The UK and North America, traditionally Diageo's strongest markets, continued to be the main drivers of growth, with organic operating profit growth of 30.6 per cent and 17 per cent respectively.
The company's global priority brands, which include Smirnoff, Bailey's and Johnnie Walker, posted organic volume growth of 8 per cent, with Bailey's up 10 per cent and Smirnoff up 21 per cent including the Smirnoff Ice ready-to-drink (RTD) brand.
Diageo has been at the forefront of the RTD category, which is already huge in the UK and growing rapidly elsewhere. Rose said that Smirnoff Ice had almost doubled its sales to reach 4.7 million equivalent cases, helped by the launch of the product in the US, but that other new RTD products such as Gordon's Edge in the UK, Archers Aqua in the UK, Johnnie Walker One and J&B Twist in Spain had also contributed to the overall performance.

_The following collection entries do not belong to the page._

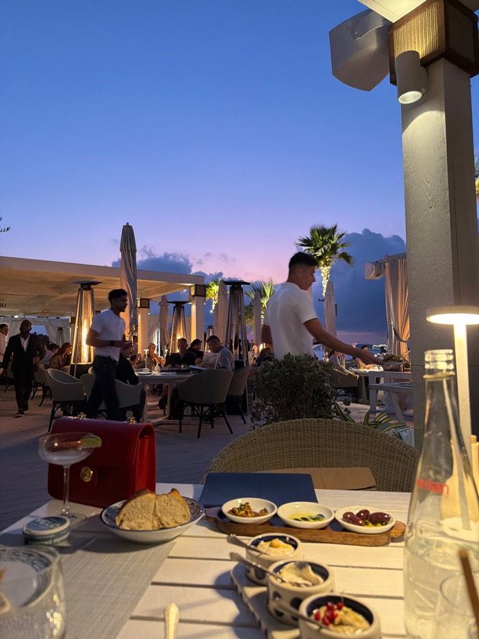 The image depicts an outdoor dining establishment during twilight, likely a high-end restaurant or beach club located in Dubai, United Arab Emirates. The foreground features a white slatted table set…read more
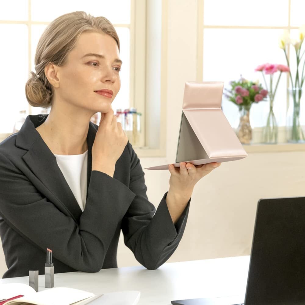 【軽量コンパクト・角度調整可能】お好きな角度でメイクが出来るように角度調整可能なロックラインが付いています。収納時は軽量でコンパクトなので、引き出しやバッグに入れても邪魔になりません。旅行やお出かけ時など持ち運びに便利です。カバーはクッション素材でバッグに入れても割れにくくなっています。サイズ12.5cm×17.5cm、厚み1.5cm、重量約195g
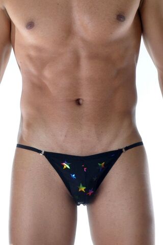 Черные мужские трусы-танга с разноцветными блестящими звездочками

A new variant of Ice, Smirnoff Black Ice, is being launched soon in the UK, Rose added.
He admitted that the Captain Morgan Gold RTD product had been a disappointment, however, since despite successful initial trials the repeat purchases of the brand had not materialised.
"Smirnoff Ice has been such a runaway success that we perhaps lost sight of the fact that launching an RTD product is difficult," Rose said. "The taste profile for Captain Morgan Gold is not right yet, that is clear, but this is not the end of RTDs by a long shot. The success of our other products shows that there is still a market there, and while the UK is full of RTDs, the US and elsewhere are just starting."He added that the company had taken a £24 million writedown to cover the failure of Captain Morgan Gold.

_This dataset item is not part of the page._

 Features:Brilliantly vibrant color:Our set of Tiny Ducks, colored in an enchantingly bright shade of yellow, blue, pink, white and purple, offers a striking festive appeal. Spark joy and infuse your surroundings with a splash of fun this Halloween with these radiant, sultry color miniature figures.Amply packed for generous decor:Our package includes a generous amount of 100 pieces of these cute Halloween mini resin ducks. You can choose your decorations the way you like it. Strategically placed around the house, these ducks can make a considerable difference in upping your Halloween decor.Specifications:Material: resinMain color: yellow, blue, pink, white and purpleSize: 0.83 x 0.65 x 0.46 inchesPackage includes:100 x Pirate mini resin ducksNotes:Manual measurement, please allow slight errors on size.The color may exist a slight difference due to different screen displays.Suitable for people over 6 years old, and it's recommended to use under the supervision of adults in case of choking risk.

As well as its global brands, the company has a number of local priority brands, chief among them Crown Royal, the Canadian whisky brand acquired as part of the Seagram deal. Rose said that this was a highly profitable brand, and he expected to see further growth in the second half.

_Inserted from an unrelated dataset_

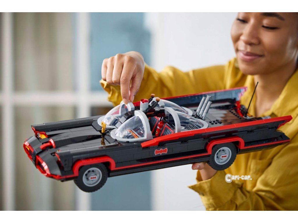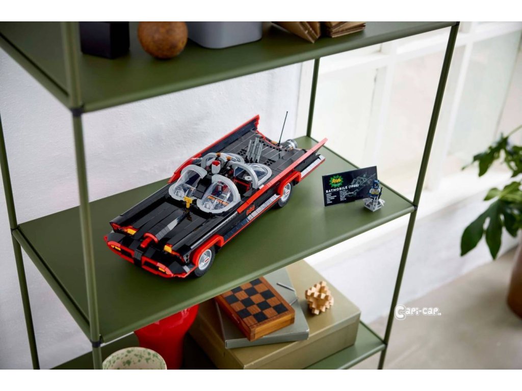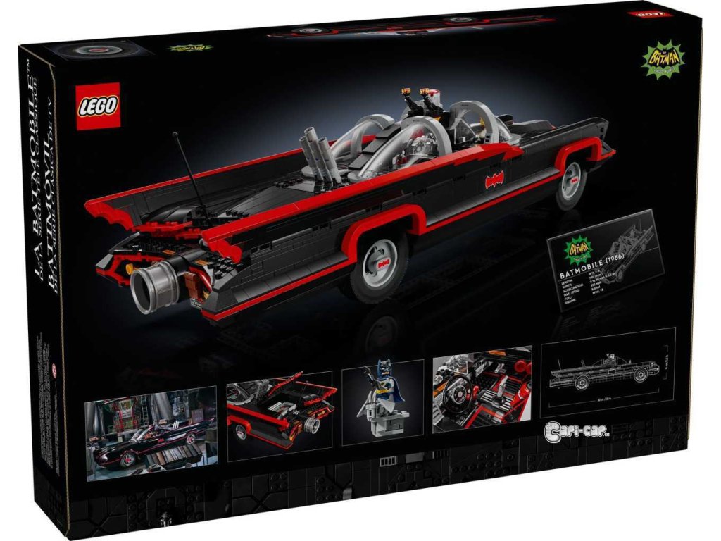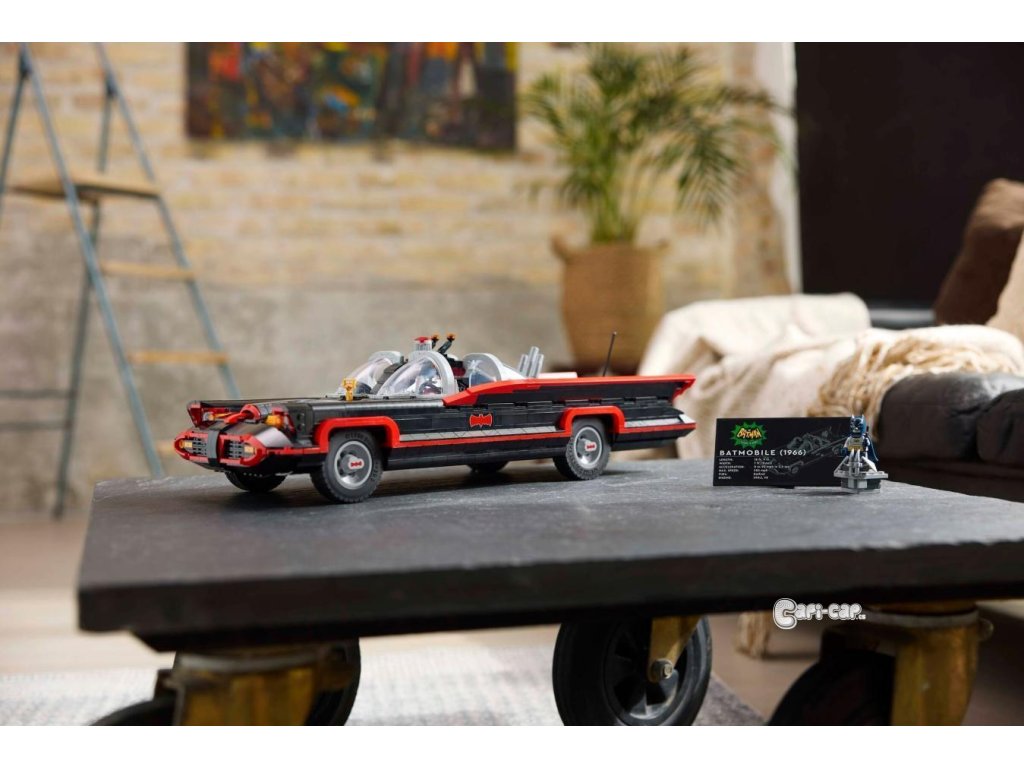 Tento poutavý sběratelský kousek DC Super Heroes™ je inspirován slavným Batmobilem z televizního seriálu z roku 1966. Vozidlo má tvarované čelní sklo, otočná kola, autentické dekorace a otevírací kufr s Batpočítačem. Minifigurka Batmana ve stylu roku 1966 na sobě má svůj charakteristický plášť a kápi, drží Batarang™ a stojí na plošině (minifigurka se do auta nevejde). Aplikace LEGO Builder obsahuje digitální verzi návodu na stavění, který je součástí stavebnice.

Elsewhere, the Dimple whisky brand in South Korea had suffered because of a change of distributor, but now that the brand had come in-house Rose said he expected to see an improvement in what is still a huge market for Scotch.
Economic troubles in Latin America impacted results there, and there is no sign of an immediate recovery, Rose added. The group's main business is in Brazil and Venezuela, both of which saw their currencies devalued during the half, but Rose said that profitability had been maintained in Latin America despite lower volumes.